# EXERCISE PROMPT
Nothing but the lines below from the one holding "Men Mitchell &" up to and including the one holding "Η αστυνομία της" should be copied, exactly and without pictures.

# MATERIALS PROVIDED
◆ ◆ ◆ ◆ ◆ ◆ ◆
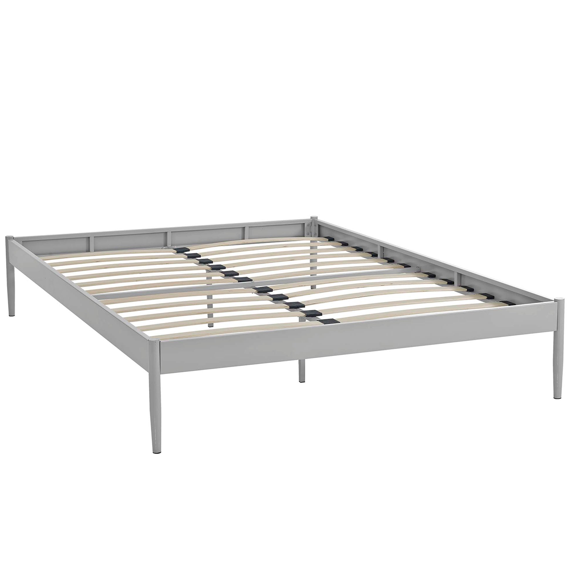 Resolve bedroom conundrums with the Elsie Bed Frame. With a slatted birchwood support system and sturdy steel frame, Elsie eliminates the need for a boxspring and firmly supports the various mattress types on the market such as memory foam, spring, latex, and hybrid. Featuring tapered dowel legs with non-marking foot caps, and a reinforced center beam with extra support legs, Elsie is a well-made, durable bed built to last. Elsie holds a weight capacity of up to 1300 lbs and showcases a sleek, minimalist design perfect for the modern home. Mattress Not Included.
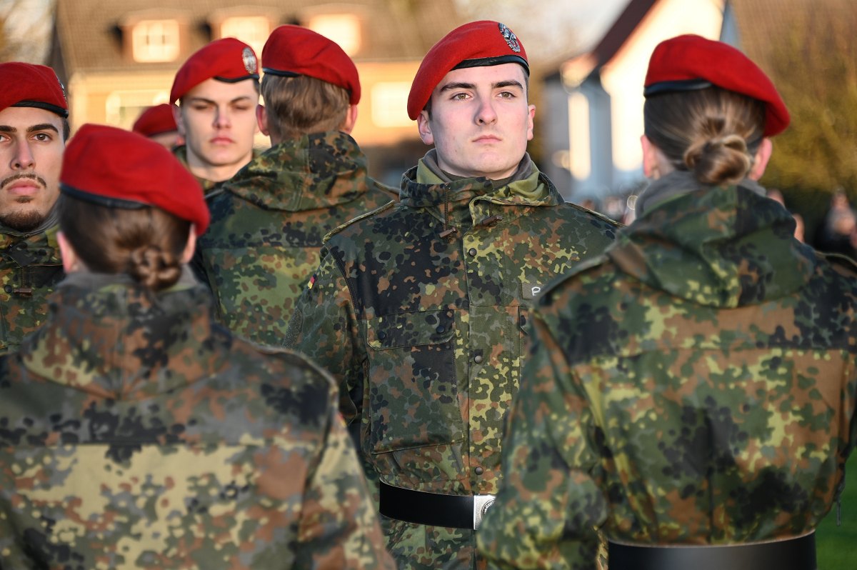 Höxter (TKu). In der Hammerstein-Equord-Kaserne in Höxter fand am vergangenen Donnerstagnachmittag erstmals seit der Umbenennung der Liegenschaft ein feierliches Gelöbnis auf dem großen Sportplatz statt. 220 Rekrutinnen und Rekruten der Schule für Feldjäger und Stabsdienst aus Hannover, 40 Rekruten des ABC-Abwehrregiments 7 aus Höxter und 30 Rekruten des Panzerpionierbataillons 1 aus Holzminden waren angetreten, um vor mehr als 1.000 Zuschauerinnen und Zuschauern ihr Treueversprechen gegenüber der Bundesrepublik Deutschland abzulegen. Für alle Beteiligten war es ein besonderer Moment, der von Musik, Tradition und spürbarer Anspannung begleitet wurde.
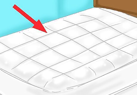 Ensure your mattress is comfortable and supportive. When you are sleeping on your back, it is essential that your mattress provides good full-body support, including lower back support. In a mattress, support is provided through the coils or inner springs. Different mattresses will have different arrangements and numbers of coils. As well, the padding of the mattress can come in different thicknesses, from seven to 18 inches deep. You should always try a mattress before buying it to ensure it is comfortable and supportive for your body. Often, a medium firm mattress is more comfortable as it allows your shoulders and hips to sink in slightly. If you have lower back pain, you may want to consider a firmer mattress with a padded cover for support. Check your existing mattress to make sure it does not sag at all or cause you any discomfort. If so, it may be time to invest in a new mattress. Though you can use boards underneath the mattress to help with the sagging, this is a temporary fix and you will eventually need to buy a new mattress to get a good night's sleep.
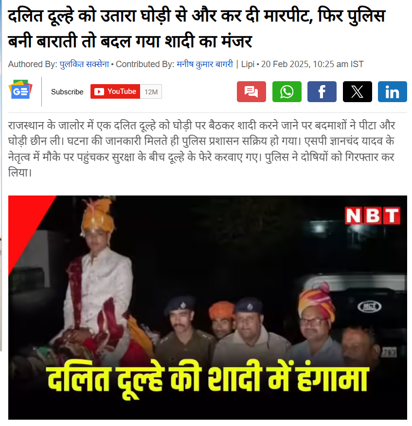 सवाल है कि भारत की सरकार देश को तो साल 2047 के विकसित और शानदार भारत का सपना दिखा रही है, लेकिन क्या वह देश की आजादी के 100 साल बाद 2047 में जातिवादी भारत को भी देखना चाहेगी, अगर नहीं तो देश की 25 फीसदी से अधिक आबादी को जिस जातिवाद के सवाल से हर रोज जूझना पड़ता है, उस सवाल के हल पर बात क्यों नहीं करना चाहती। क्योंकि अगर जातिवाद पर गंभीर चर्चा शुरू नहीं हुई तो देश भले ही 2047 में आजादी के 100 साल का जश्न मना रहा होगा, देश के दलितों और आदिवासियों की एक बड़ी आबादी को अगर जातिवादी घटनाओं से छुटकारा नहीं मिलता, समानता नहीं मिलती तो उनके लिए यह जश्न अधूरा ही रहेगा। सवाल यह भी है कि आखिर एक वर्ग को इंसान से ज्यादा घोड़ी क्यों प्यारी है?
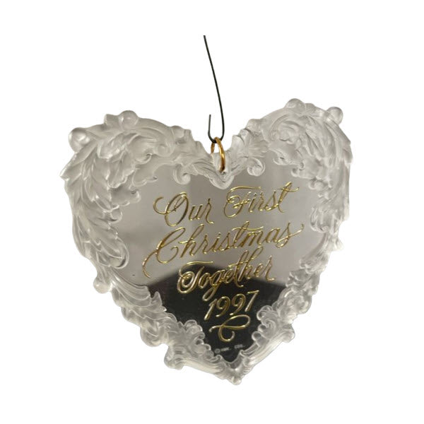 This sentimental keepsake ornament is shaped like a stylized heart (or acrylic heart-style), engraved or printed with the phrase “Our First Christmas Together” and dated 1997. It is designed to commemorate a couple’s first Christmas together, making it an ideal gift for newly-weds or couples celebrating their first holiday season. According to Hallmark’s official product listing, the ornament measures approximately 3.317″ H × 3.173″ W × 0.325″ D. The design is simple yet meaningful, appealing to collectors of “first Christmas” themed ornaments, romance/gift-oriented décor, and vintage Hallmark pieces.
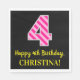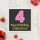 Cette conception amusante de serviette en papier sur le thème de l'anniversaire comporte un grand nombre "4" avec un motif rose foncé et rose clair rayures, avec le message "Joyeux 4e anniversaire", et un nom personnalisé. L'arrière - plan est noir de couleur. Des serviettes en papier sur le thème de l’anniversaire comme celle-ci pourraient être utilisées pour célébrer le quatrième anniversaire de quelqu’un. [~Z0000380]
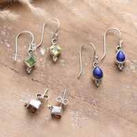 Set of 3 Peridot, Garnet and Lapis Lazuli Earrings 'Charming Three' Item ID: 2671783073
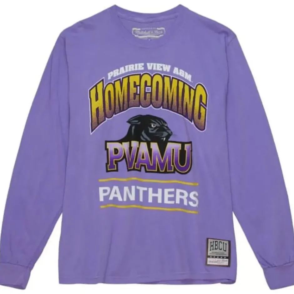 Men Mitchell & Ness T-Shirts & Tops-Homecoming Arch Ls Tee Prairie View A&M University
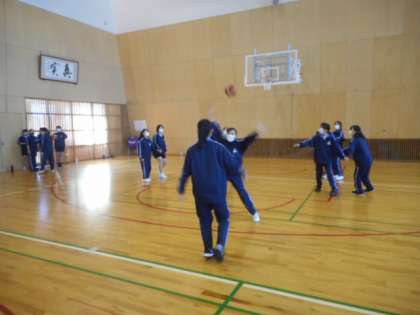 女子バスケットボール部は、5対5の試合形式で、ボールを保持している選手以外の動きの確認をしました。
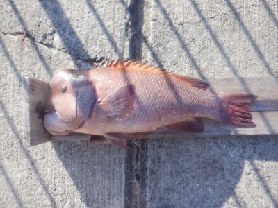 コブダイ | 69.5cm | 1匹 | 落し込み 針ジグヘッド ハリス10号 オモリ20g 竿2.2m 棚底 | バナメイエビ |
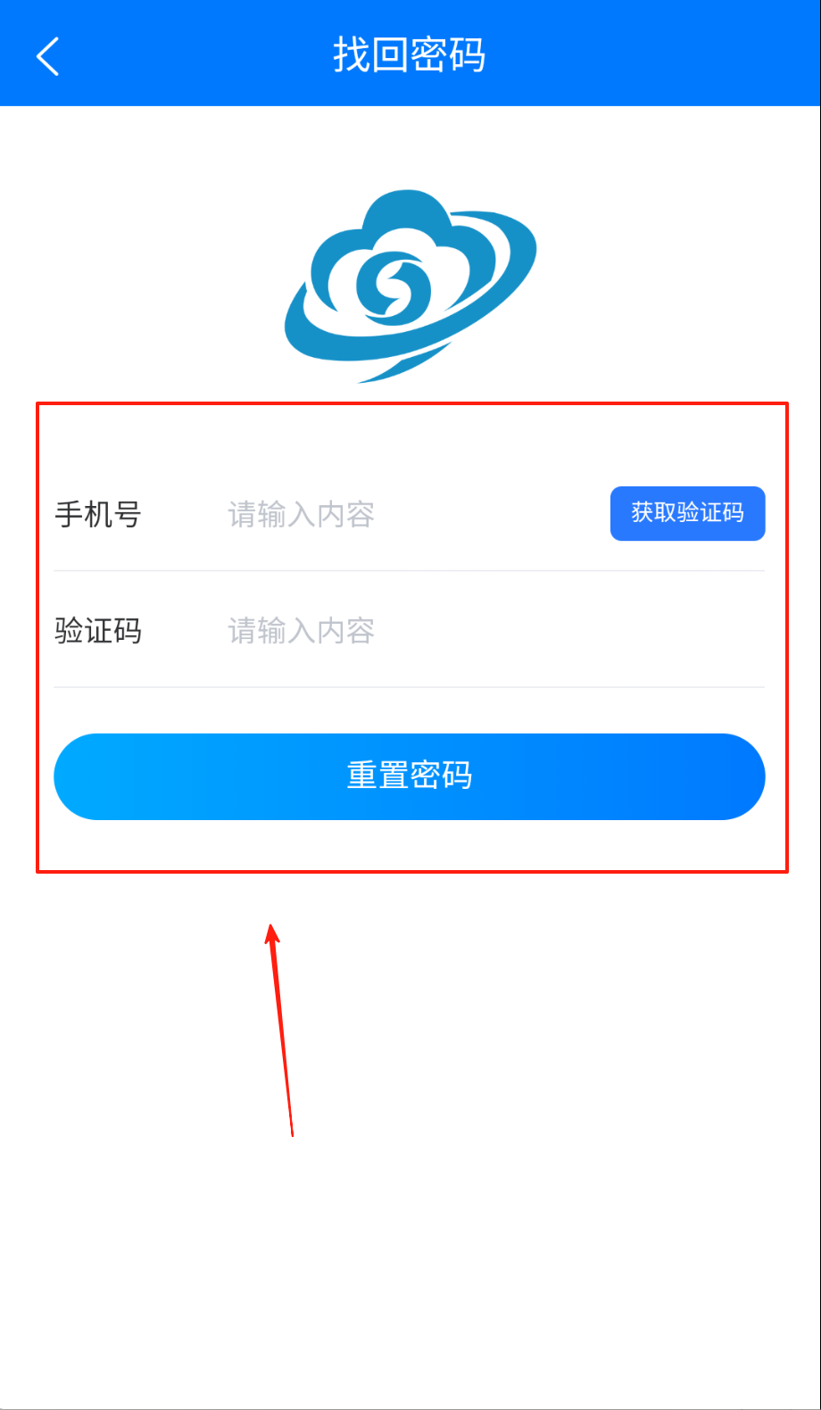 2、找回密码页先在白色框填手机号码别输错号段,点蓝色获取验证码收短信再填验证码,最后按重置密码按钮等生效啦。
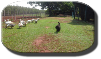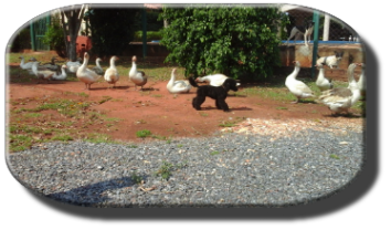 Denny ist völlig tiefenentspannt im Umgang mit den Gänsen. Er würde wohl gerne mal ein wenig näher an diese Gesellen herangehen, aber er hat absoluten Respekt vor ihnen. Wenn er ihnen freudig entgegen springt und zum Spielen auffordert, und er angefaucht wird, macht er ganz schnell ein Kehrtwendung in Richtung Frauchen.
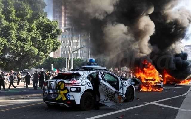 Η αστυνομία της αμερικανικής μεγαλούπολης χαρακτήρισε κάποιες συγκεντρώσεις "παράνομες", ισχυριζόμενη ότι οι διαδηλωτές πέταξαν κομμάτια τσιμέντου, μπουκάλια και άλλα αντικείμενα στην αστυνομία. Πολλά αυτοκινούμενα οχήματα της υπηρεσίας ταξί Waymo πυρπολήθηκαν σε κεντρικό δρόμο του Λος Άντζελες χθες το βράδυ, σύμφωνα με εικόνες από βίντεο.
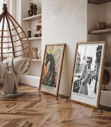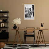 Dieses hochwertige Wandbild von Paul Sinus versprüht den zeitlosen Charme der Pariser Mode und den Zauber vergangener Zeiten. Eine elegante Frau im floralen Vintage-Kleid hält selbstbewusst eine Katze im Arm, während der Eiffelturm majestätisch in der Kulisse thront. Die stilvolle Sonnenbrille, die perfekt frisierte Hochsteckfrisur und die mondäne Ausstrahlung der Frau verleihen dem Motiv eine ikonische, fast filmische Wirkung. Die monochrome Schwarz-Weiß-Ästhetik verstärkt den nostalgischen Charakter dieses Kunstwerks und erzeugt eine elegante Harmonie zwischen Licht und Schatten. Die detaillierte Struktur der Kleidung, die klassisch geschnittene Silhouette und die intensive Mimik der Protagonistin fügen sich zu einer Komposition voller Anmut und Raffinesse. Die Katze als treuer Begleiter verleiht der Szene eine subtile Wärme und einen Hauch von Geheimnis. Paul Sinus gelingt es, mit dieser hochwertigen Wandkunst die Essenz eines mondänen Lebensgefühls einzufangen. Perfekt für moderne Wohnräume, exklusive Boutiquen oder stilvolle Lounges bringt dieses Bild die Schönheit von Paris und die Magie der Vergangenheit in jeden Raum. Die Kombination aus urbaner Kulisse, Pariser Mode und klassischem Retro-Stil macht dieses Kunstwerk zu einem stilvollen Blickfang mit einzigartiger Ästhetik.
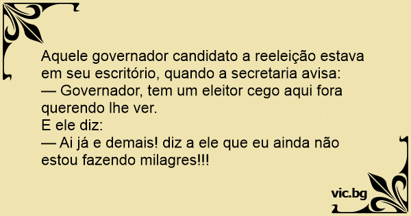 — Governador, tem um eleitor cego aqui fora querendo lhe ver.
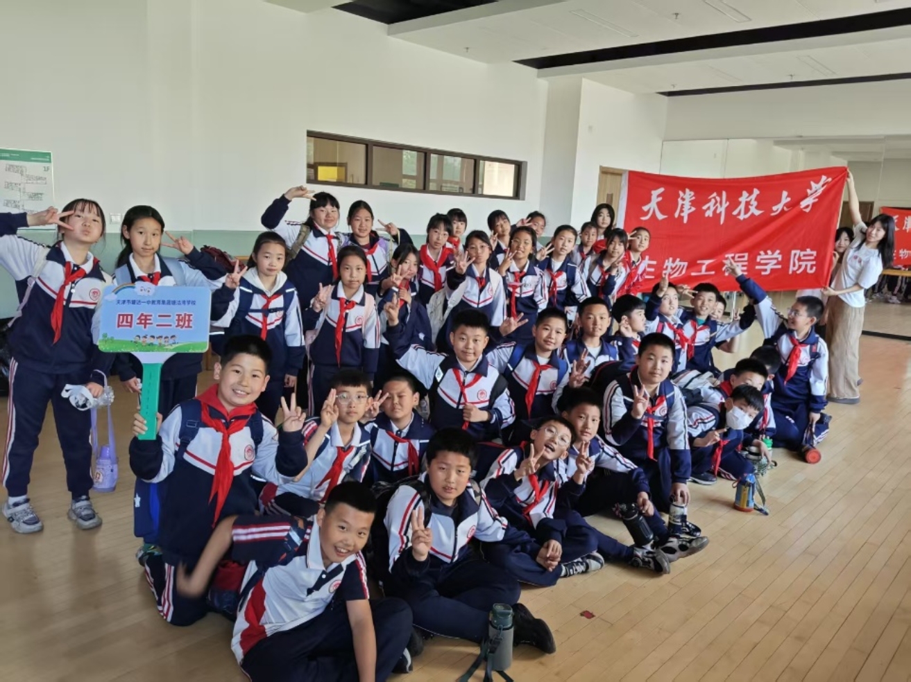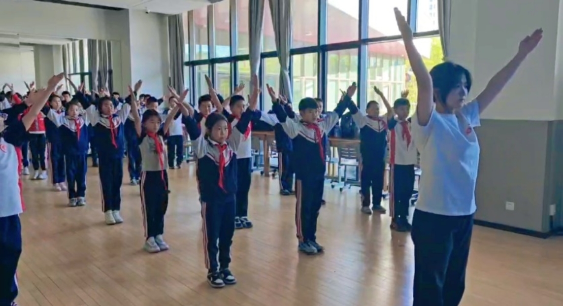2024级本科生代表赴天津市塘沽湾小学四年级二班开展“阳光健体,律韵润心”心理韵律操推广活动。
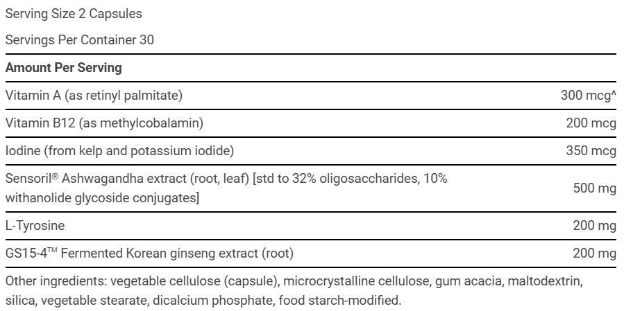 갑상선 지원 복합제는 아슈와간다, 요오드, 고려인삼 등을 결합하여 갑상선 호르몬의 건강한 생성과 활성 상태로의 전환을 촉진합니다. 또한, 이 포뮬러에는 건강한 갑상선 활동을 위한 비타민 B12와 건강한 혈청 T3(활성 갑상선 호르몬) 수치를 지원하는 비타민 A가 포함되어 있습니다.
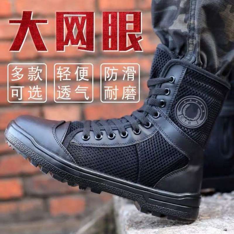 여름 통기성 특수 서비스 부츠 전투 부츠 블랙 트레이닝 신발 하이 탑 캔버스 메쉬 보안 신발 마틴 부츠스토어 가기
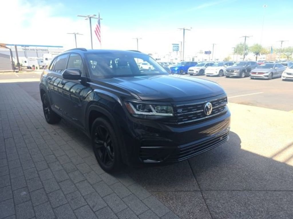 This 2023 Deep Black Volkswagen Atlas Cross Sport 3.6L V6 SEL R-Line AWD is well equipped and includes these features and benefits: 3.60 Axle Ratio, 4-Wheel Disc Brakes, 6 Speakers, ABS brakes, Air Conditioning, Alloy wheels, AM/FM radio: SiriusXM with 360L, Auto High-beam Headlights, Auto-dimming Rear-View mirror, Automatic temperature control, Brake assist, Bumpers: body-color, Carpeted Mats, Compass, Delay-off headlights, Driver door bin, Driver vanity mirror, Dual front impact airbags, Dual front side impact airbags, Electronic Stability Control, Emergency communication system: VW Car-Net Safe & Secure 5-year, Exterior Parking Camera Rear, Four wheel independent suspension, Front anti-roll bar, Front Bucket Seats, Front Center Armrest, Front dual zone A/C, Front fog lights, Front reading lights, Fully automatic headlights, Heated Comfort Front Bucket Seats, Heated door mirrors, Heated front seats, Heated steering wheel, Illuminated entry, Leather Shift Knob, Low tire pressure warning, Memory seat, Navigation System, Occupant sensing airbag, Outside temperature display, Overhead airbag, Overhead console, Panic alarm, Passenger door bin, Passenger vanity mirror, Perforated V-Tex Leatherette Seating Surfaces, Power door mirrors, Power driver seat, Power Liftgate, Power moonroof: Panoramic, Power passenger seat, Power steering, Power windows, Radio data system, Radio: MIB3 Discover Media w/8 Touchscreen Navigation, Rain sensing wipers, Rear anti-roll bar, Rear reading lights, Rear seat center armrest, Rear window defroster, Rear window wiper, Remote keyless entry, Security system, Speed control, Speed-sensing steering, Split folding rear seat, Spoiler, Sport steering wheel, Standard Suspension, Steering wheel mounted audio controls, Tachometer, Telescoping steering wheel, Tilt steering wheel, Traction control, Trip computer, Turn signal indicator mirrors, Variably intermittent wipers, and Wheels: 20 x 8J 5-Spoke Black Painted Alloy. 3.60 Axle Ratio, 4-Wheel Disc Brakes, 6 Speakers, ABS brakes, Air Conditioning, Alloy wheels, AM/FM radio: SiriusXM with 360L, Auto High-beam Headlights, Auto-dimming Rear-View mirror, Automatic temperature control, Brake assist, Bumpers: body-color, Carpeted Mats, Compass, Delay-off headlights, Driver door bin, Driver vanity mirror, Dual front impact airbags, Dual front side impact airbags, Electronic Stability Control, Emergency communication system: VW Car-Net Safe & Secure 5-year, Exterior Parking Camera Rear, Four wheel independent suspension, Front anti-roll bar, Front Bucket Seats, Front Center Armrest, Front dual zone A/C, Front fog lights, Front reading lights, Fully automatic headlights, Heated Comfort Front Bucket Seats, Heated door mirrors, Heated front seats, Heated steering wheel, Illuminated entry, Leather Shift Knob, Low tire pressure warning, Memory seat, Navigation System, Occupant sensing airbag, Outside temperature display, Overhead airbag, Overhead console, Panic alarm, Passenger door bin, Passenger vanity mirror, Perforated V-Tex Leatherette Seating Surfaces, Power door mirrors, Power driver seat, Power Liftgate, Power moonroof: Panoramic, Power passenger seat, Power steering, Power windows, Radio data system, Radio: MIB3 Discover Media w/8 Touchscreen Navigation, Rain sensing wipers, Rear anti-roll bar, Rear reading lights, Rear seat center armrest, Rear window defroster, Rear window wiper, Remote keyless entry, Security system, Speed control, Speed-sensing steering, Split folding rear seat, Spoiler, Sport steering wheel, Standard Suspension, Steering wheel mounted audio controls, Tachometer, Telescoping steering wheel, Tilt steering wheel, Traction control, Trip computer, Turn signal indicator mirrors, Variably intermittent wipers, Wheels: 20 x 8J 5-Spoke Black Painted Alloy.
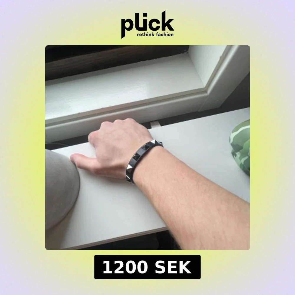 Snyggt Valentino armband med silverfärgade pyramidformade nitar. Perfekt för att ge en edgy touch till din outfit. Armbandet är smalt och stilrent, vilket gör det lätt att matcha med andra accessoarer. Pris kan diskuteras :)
◆ ◆ ◆ ◆ ◆ ◆ ◆
# TASK SOLUTION
 Men Mitchell & Ness T-Shirts & Tops-Homecoming Arch Ls Tee Prairie View A&M University
 女子バスケットボール部は、5対5の試合形式で、ボールを保持している選手以外の動きの確認をしました。
 コブダイ | 69.5cm | 1匹 | 落し込み 針ジグヘッド ハリス10号 オモリ20g 竿2.2m 棚底 | バナメイエビ |
 2、找回密码页先在白色框填手机号码别输错号段,点蓝色获取验证码收短信再填验证码,最后按重置密码按钮等生效啦。
 Denny ist völlig tiefenentspannt im Umgang mit den Gänsen. Er würde wohl gerne mal ein wenig näher an diese Gesellen herangehen, aber er hat absoluten Respekt vor ihnen. Wenn er ihnen freudig entgegen springt und zum Spielen auffordert, und er angefaucht wird, macht er ganz schnell ein Kehrtwendung in Richtung Frauchen.
 Η αστυνομία της αμερικανικής μεγαλούπολης χαρακτήρισε κάποιες συγκεντρώσεις "παράνομες", ισχυριζόμενη ότι οι διαδηλωτές πέταξαν κομμάτια τσιμέντου, μπουκάλια και άλλα αντικείμενα στην αστυνομία. Πολλά αυτοκινούμενα οχήματα της υπηρεσίας ταξί Waymo πυρπολήθηκαν σε κεντρικό δρόμο του Λος Άντζελες χθες το βράδυ, σύμφωνα με εικόνες από βίντεο.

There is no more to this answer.